If you are moderately to severely ill, your doctor may recommend waiting to get the shot until after you recover. The CDC says you can still get the vaccines if you have a mild illness, such as a cold or low-grade fever.

It is not known whether the PPSV23 and PCV13 vaccines are safe to get during pregnancy. But there have been no reports of harm to babies whose mothers received the vaccine before realizing they were pregnant. Pregnant women should only receive these vaccinations if they are clearly needed.

What Are the Side Effects and Risks of the Pneumococcal Vaccine?

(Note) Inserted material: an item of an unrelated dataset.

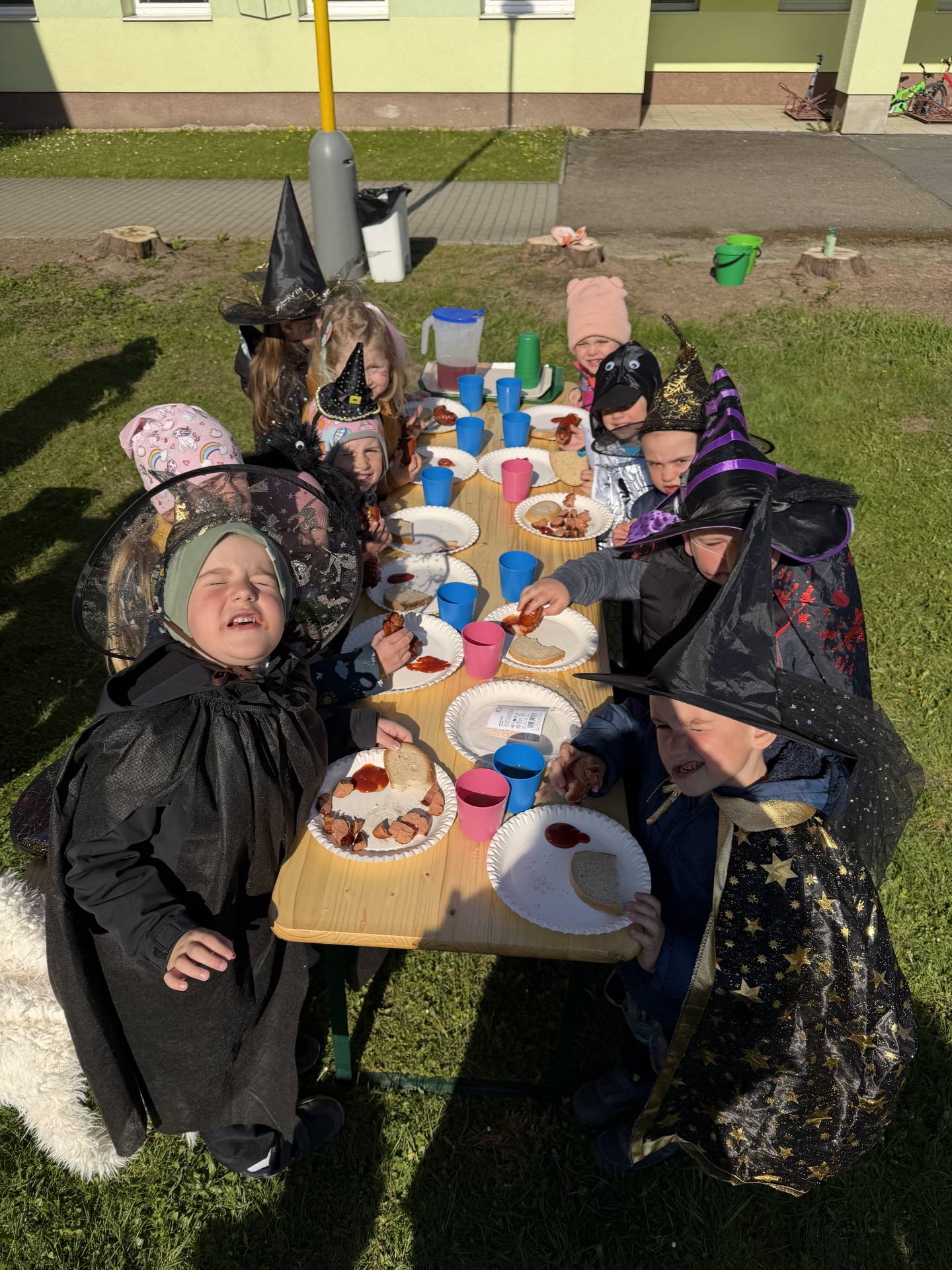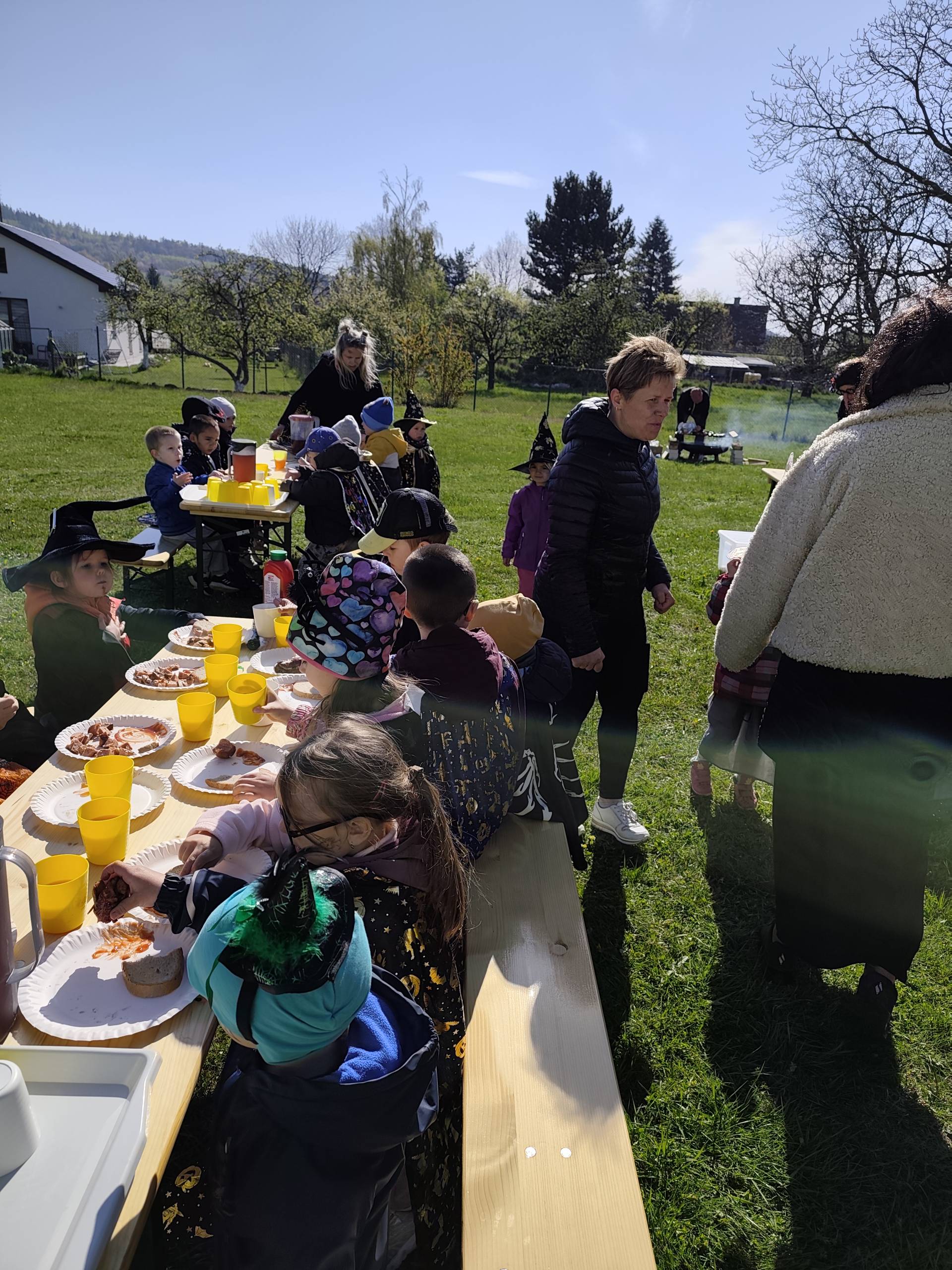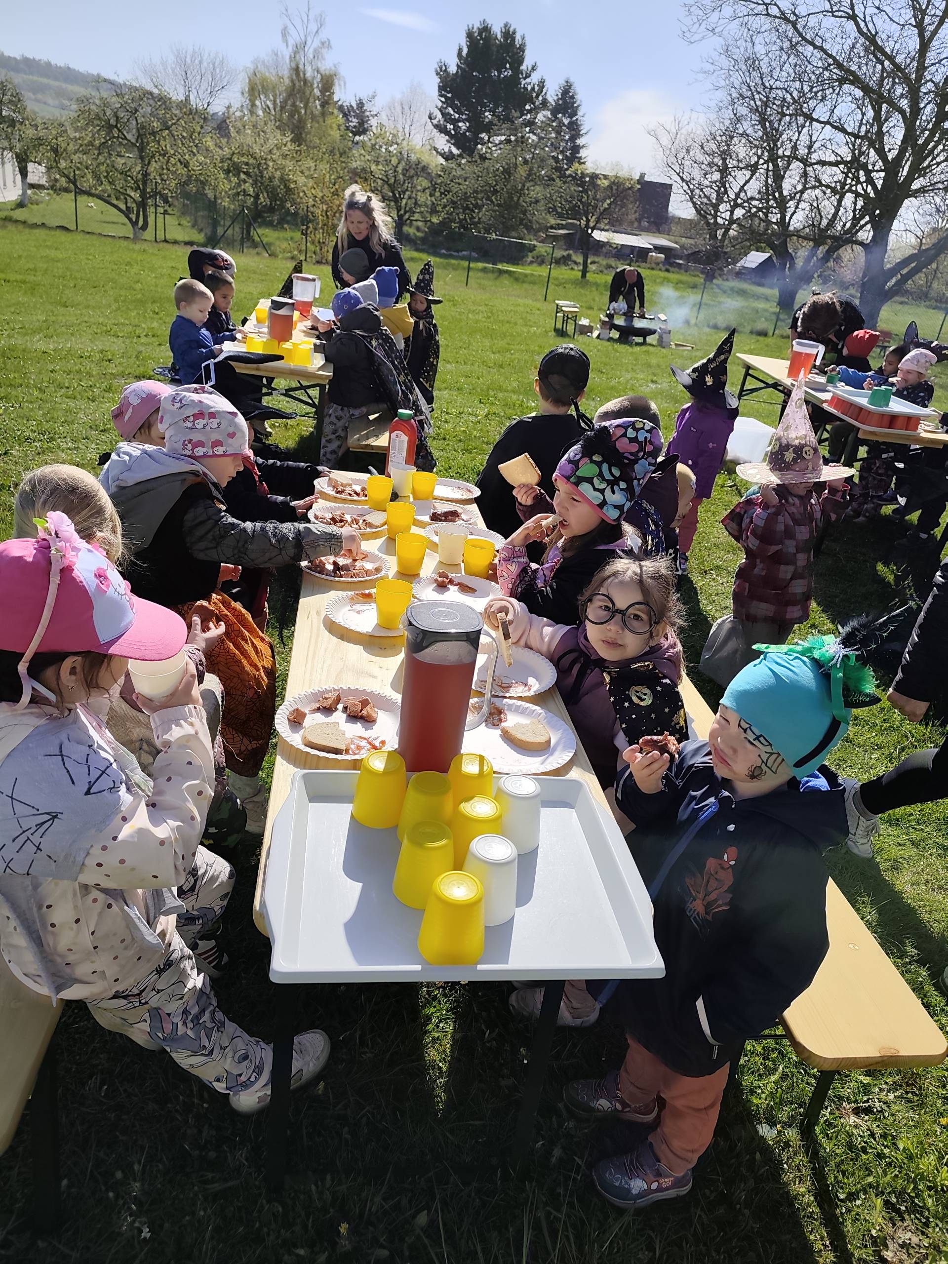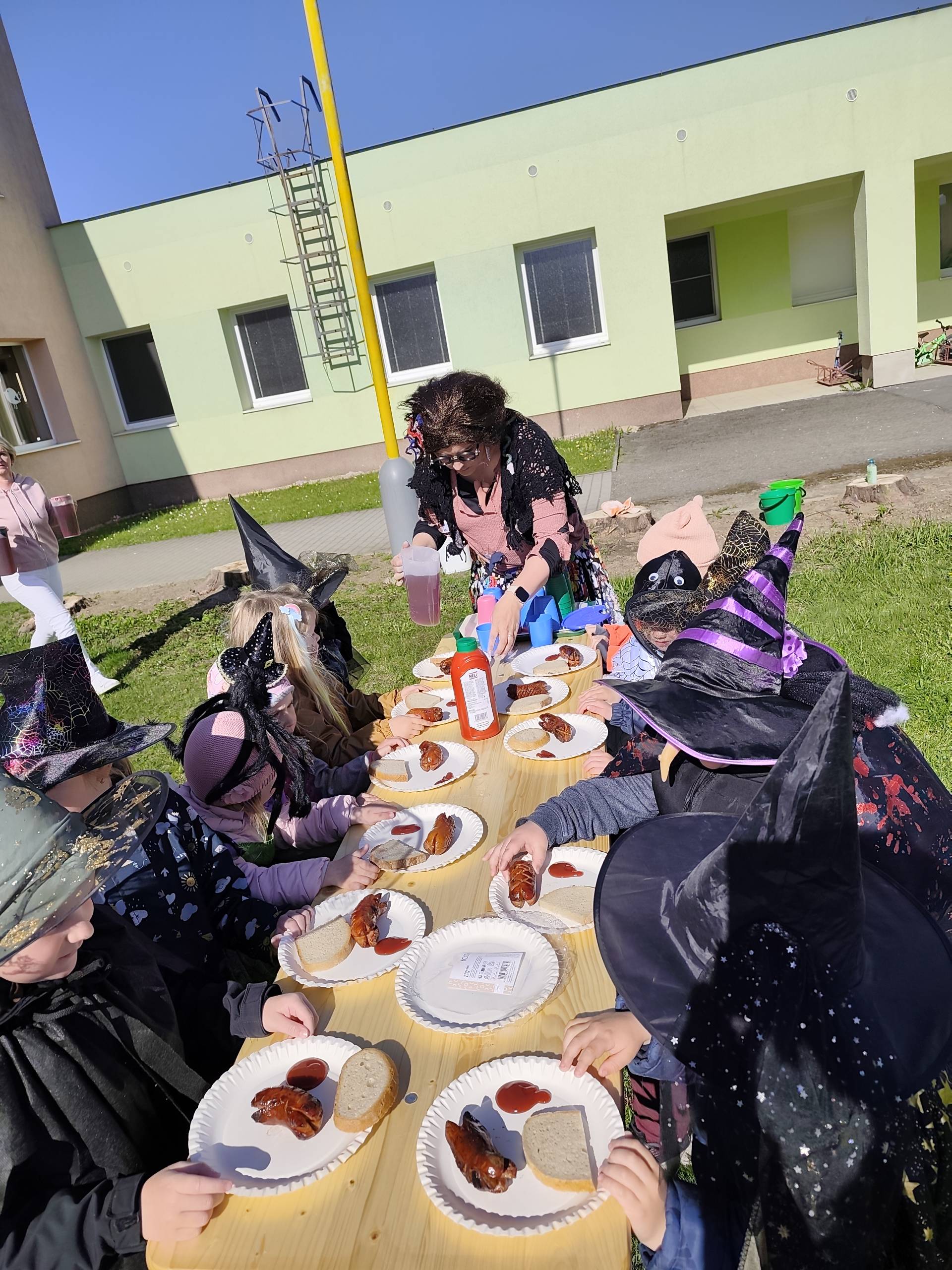 V naší mateřské škole jsme si užili veselé čarodějnické dopoledne plné zážitků. Ráno si děti zasoutěžily, vařily kouzelné lektvary a užily si i čarodějnickou zábavu. Následně jsme se vydali na zahradu, kde si děti pochutnaly na svačince v podobě opečených buřtů.

Like all vaccines, both PPSV23 and PCV13 can have side effects. But the risk of harm or death from either is extremely rare.

Reported side effects are similar for both vaccines. Some people may have mild swelling, redness, and soreness where the shot was given. This goes away in a few days.

Less than 1% of people who receive these vaccines may have:

•More severe swelling, pain, or redness where the shot was given
•Muscle aches

Rarely, someone may have a severe allergic reaction to an ingredient in the vaccines. Most of the time, such reactions occur within a few minutes of receiving a pneumococcal vaccine. The following can be signs of a severe allergic reaction:

•Behavior changes
•Breathing difficulty, including wheezing
• Dizziness
•Hoarse voice
• High fever
• Hives
•Pale skin
•Rapid heart beat
• Weakness

Seek immediate medical care if you notice any of these signs after receiving either pneumococcal vaccine.